Die Regisseurin weitet die Geschichte in den Zuschauerraum
Die Menschen sind ein bisschen doof, wenn es um die Liebe geht. Sobald sie denken, sie hätten ihr ideales Gegenüber gefunden, regiert allzu oft Herz über Kopf, und dann ist es egal, dass die andere vielleicht eine Maschine ist. Ja, hier steht ganz bewusst „die andere“, denn die Kulturgeschichte der Liebe zwischen Mensch und Automat wurde bislang männlich dominiert. Bei E. T. A. Hoffmann im „Sandmann“zum Beispiel. Die Romantik war ja ohnehin eine Epoche, in der Mischwesen die Fantasie der Künstler bevölkerten, und in dieser Erzählung verfiel Nathanael seiner Olimpia. Die Automatin konnte nur wenige Worte sprechen, „Ach, ach!“zum Beispiel, aber das genügte. Nathanael fand das tiefgründig, und schon war es um ihn geschehen.

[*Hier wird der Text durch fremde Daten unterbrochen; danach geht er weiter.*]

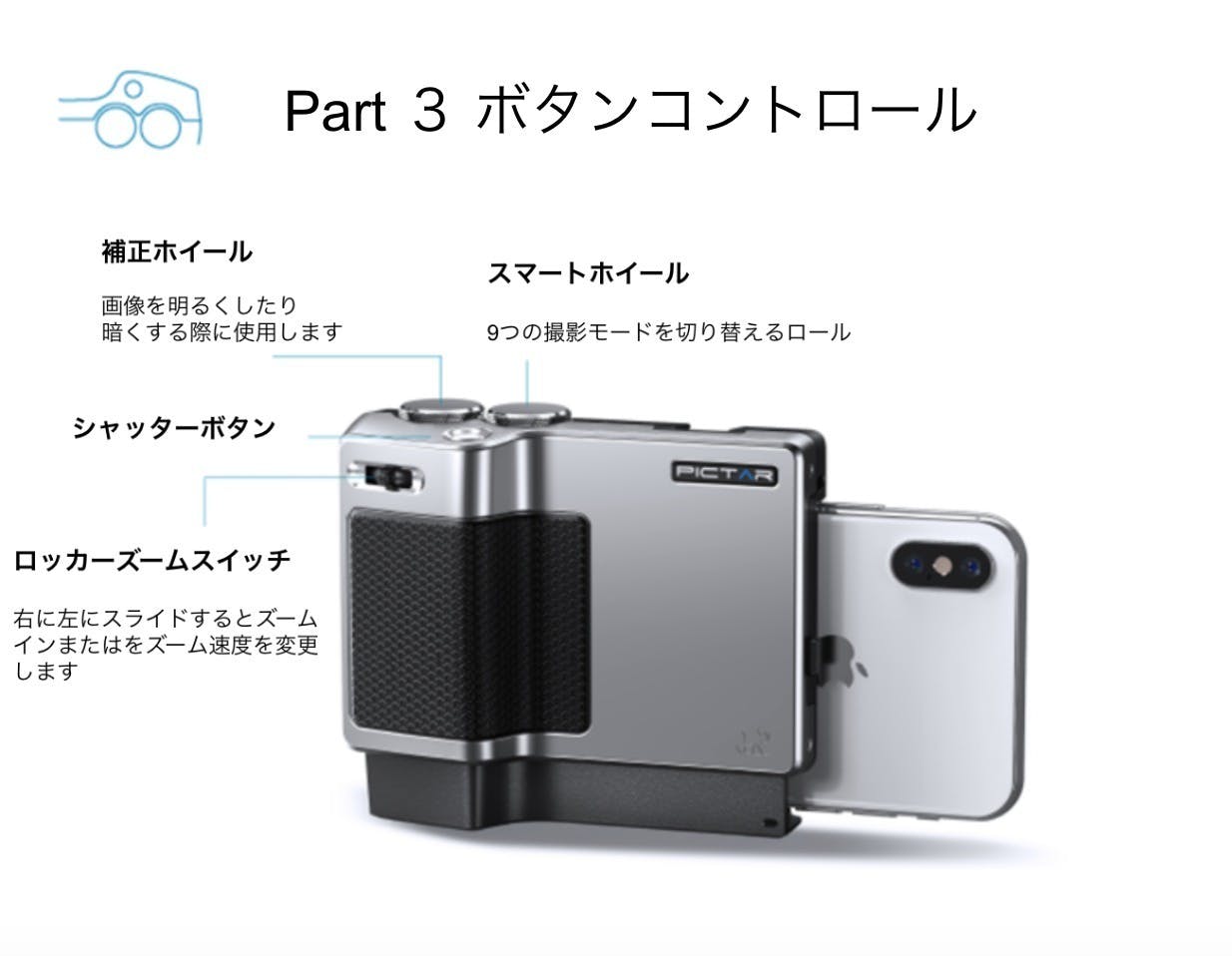 Pictar Proは、スマートフォンを本物のカメラのように見せるだけでなく、何十もの機能やコントロールを追加することができます。Pictar Proは、スマートフォンの性能とカメラの使いにくさのギャップを、幅広い物理的制御とソフトウェア機能で解消します。

Die Regisseurin Maria Schrader variiert nun das alte Thema, sie gibt ihm einen zeitgenössischen Twist, denn in ihrem Film „Ich bin dein Mensch“verliebt sich eine Frau in einen Roboter, wobei die Frau nicht mehr so beschränkt ist wie in früheren Geschichten der Mann. Alma (Maren Eggert) ist im Gegenteil sogar Wissenschaftlerin, sie erforscht Keilschriften, und der programmierte Mann ist als solcher kaum zu erkennen: Er redet unheimlich kluges Zeug, ist hilfsbereit und kultiviert, er kümmert sich voller Zuneigung und sieht verflixt gut aus, denn er wird gespielt von Dan Stevens, dem Darling aus der Serie „Downton Abbey“.
Tom heißt dieser Traumtyp, ein Update des männlichen Geschlechts, von Ingenieuren ins Leben geholt und nicht von einer Hebamme. Alma hat mitbestimmt, wie er ausgestattet wird. Sie füllte einen Fragebogen aus und half dabei, den perfekten Partner zu erschaffen. Blaue Augen und guter Body inklusive: Frankenstein als Adonis. Alma ist zwar solo, denn ihr Ex bekommt mit seiner Neuen ein Kind, aber nicht Sehnsucht treibt sie, sondern die Aussicht auf ein Forschungsprojekt in Chicago. Ihr Chef gehört einer Ethikkommission an, die über die Zulassung künstlicher Menschen entscheiden soll. Dürfen die demnächst heiraten? Oder die deutsche Staatsbürgerschaft bekommen? Alma ist sozusagen inkognito unterwegs, um ein Gutachten zuliefern zu können. Als Dank für ihre Expertise winkt die Reise nach Amerika.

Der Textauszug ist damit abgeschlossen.